Data block.
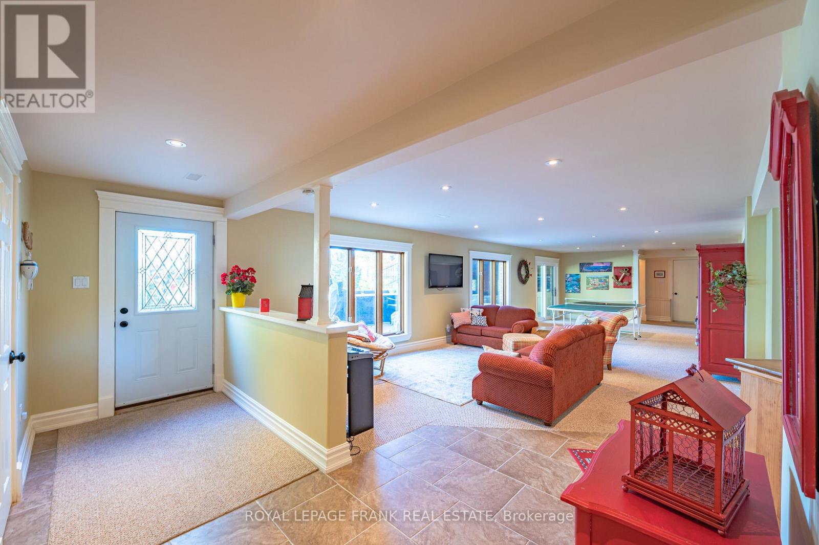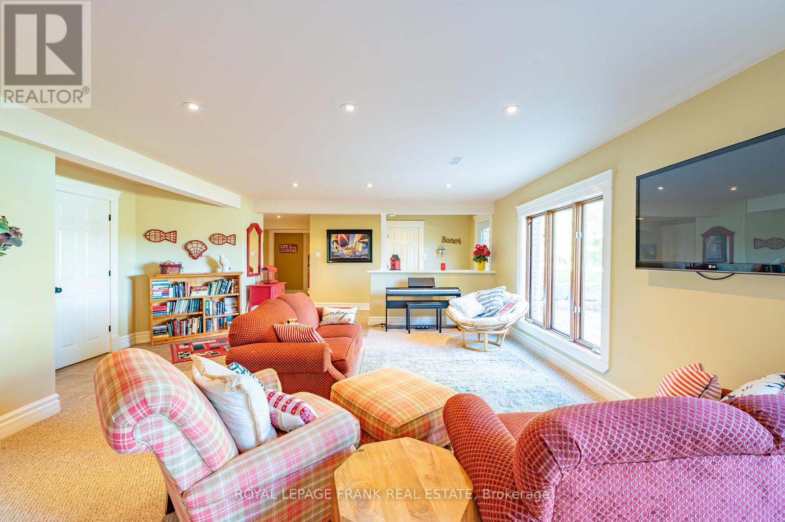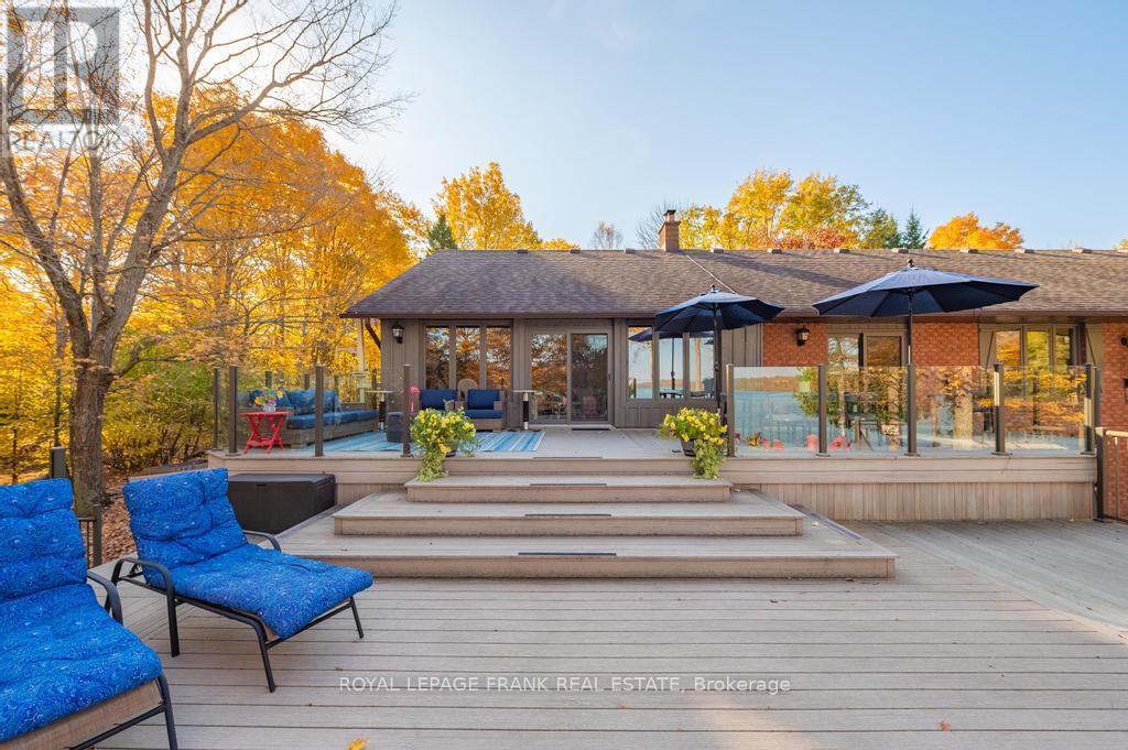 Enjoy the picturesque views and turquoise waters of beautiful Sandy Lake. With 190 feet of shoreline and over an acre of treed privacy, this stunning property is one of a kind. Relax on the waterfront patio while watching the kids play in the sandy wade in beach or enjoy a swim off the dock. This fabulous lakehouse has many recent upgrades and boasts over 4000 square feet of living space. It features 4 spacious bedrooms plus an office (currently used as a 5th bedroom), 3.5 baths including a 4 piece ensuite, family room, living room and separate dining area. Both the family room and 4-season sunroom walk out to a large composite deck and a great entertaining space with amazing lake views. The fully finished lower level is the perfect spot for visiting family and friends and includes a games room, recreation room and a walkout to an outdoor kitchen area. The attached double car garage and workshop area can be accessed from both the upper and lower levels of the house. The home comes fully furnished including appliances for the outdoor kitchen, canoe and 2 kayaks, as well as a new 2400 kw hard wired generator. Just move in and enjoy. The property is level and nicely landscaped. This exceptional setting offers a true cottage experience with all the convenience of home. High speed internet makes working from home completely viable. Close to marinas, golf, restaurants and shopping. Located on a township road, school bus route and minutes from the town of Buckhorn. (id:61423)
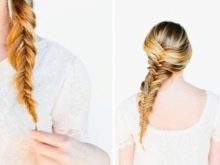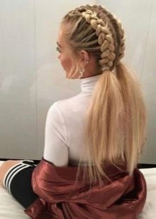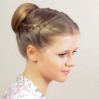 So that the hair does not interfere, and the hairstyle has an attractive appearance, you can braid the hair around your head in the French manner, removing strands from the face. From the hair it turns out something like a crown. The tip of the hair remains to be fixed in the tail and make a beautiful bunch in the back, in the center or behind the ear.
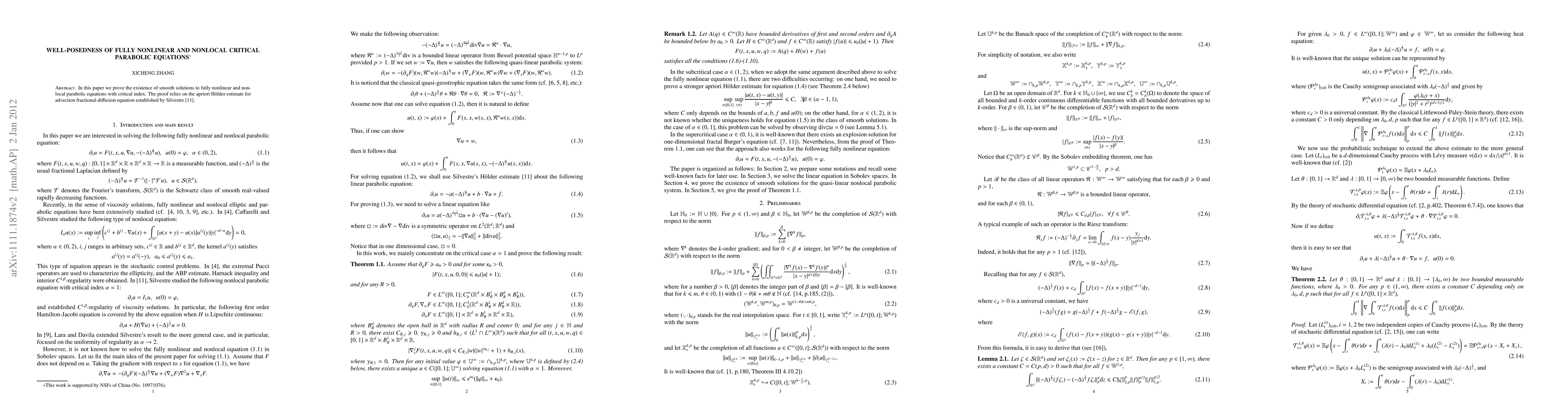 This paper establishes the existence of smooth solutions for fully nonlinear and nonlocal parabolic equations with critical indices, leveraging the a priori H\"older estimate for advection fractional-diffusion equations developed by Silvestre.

Your instructions. Repeat each line of the material exactly, please, and skip every picture.

Answer for this exercise.
 Enjoy the picturesque views and turquoise waters of beautiful Sandy Lake. With 190 feet of shoreline and over an acre of treed privacy, this stunning property is one of a kind. Relax on the waterfront patio while watching the kids play in the sandy wade in beach or enjoy a swim off the dock. This fabulous lakehouse has many recent upgrades and boasts over 4000 square feet of living space. It features 4 spacious bedrooms plus an office (currently used as a 5th bedroom), 3.5 baths including a 4 piece ensuite, family room, living room and separate dining area. Both the family room and 4-season sunroom walk out to a large composite deck and a great entertaining space with amazing lake views. The fully finished lower level is the perfect spot for visiting family and friends and includes a games room, recreation room and a walkout to an outdoor kitchen area. The attached double car garage and workshop area can be accessed from both the upper and lower levels of the house. The home comes fully furnished including appliances for the outdoor kitchen, canoe and 2 kayaks, as well as a new 2400 kw hard wired generator. Just move in and enjoy. The property is level and nicely landscaped. This exceptional setting offers a true cottage experience with all the convenience of home. High speed internet makes working from home completely viable. Close to marinas, golf, restaurants and shopping. Located on a township road, school bus route and minutes from the town of Buckhorn. (id:61423)
 So that the hair does not interfere, and the hairstyle has an attractive appearance, you can braid the hair around your head in the French manner, removing strands from the face. From the hair it turns out something like a crown. The tip of the hair remains to be fixed in the tail and make a beautiful bunch in the back, in the center or behind the ear.
 This paper establishes the existence of smooth solutions for fully nonlinear and nonlocal parabolic equations with critical indices, leveraging the a priori H\"older estimate for advection fractional-diffusion equations developed by Silvestre.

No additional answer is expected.